Directions:
The task calls for an exact copy of the records, without any images.

(Data entries)
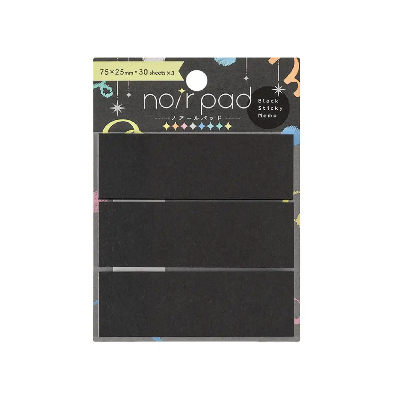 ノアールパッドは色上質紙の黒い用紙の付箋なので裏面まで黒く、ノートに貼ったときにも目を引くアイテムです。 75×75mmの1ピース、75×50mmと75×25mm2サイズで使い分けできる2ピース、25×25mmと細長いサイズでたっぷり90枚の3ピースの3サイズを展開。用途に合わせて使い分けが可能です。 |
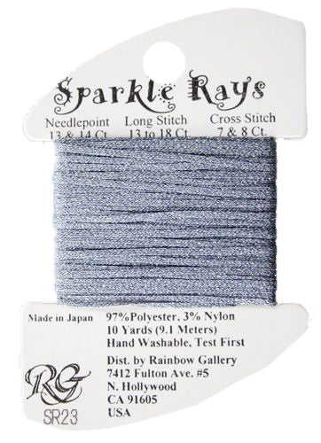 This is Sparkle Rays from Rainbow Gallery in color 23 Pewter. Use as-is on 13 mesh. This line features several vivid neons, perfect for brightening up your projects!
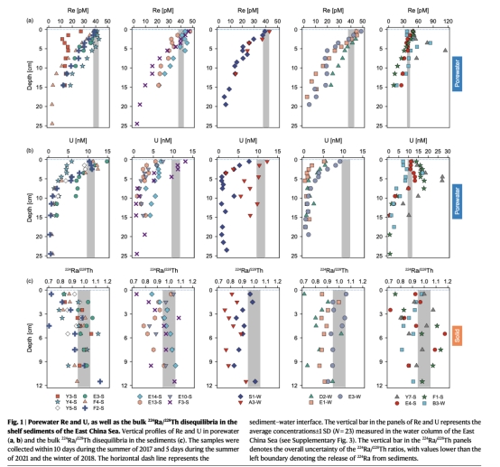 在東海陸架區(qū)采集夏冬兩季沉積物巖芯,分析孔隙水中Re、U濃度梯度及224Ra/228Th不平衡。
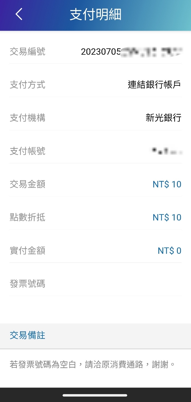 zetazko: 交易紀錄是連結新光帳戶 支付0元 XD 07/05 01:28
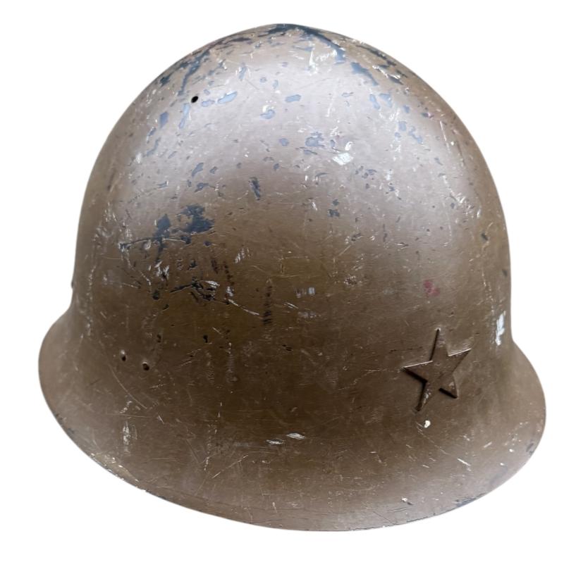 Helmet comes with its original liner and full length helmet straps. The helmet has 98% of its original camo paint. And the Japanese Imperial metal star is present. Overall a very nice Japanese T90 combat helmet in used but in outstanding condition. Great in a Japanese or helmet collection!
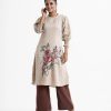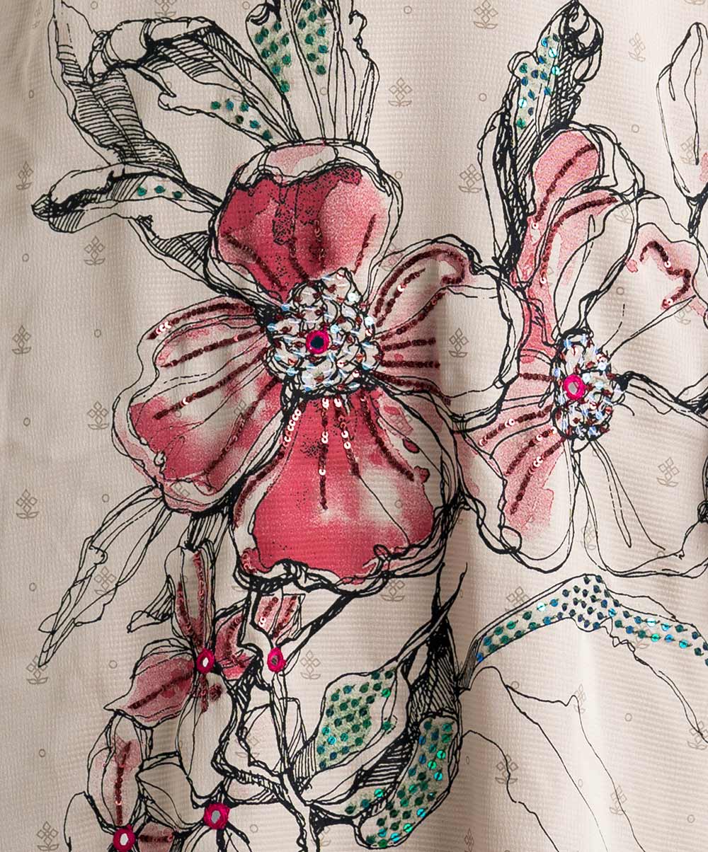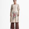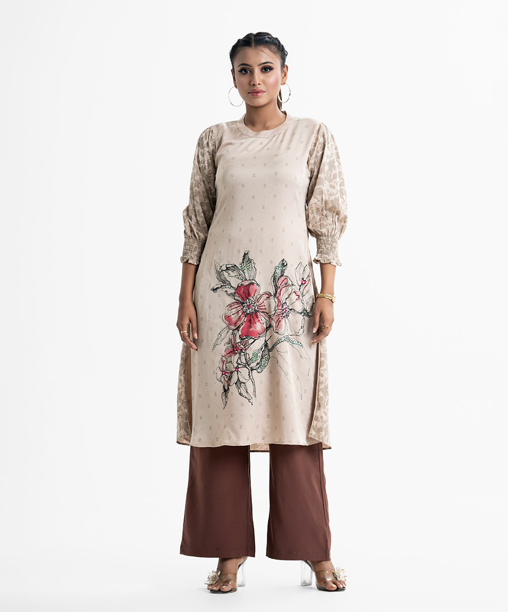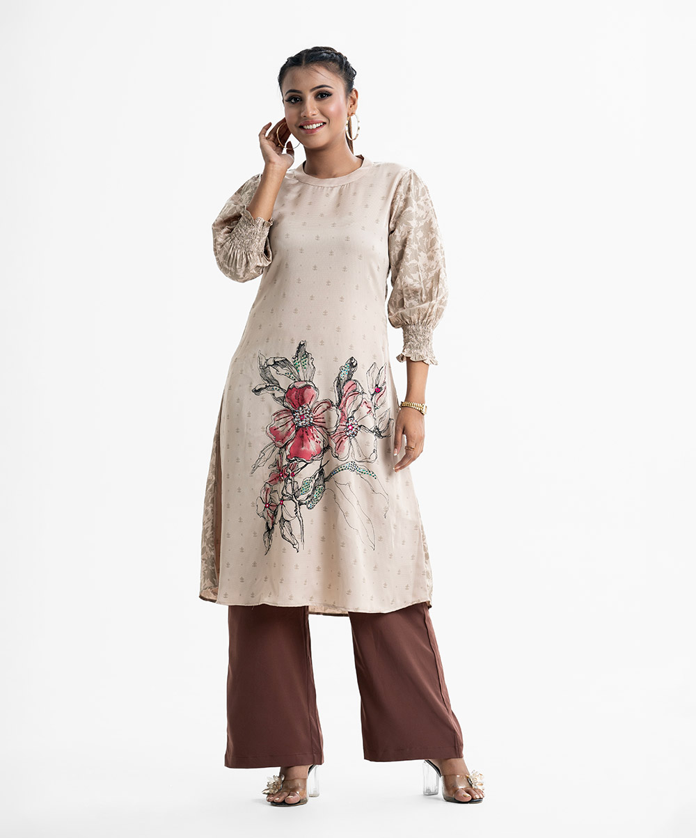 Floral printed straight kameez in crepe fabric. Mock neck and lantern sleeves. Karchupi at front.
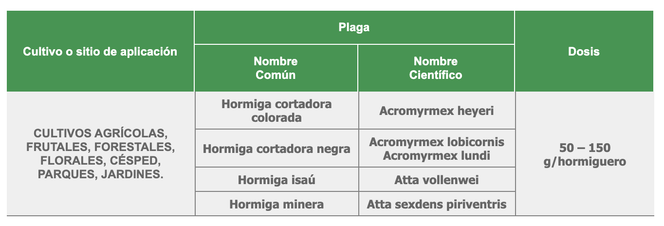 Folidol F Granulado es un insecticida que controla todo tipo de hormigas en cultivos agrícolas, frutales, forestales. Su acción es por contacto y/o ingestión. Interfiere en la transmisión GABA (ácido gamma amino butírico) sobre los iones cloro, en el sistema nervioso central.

Solution to the exercise:
 ノアールパッドは色上質紙の黒い用紙の付箋なので裏面まで黒く、ノートに貼ったときにも目を引くアイテムです。 75×75mmの1ピース、75×50mmと75×25mm2サイズで使い分けできる2ピース、25×25mmと細長いサイズでたっぷり90枚の3ピースの3サイズを展開。用途に合わせて使い分けが可能です。 |
 This is Sparkle Rays from Rainbow Gallery in color 23 Pewter. Use as-is on 13 mesh. This line features several vivid neons, perfect for brightening up your projects!
 在東海陸架區(qū)采集夏冬兩季沉積物巖芯,分析孔隙水中Re、U濃度梯度及224Ra/228Th不平衡。
 zetazko: 交易紀錄是連結新光帳戶 支付0元 XD 07/05 01:28
 Helmet comes with its original liner and full length helmet straps. The helmet has 98% of its original camo paint. And the Japanese Imperial metal star is present. Overall a very nice Japanese T90 combat helmet in used but in outstanding condition. Great in a Japanese or helmet collection!
 Floral printed straight kameez in crepe fabric. Mock neck and lantern sleeves. Karchupi at front.
 Folidol F Granulado es un insecticida que controla todo tipo de hormigas en cultivos agrícolas, frutales, forestales. Su acción es por contacto y/o ingestión. Interfiere en la transmisión GABA (ácido gamma amino butírico) sobre los iones cloro, en el sistema nervioso central.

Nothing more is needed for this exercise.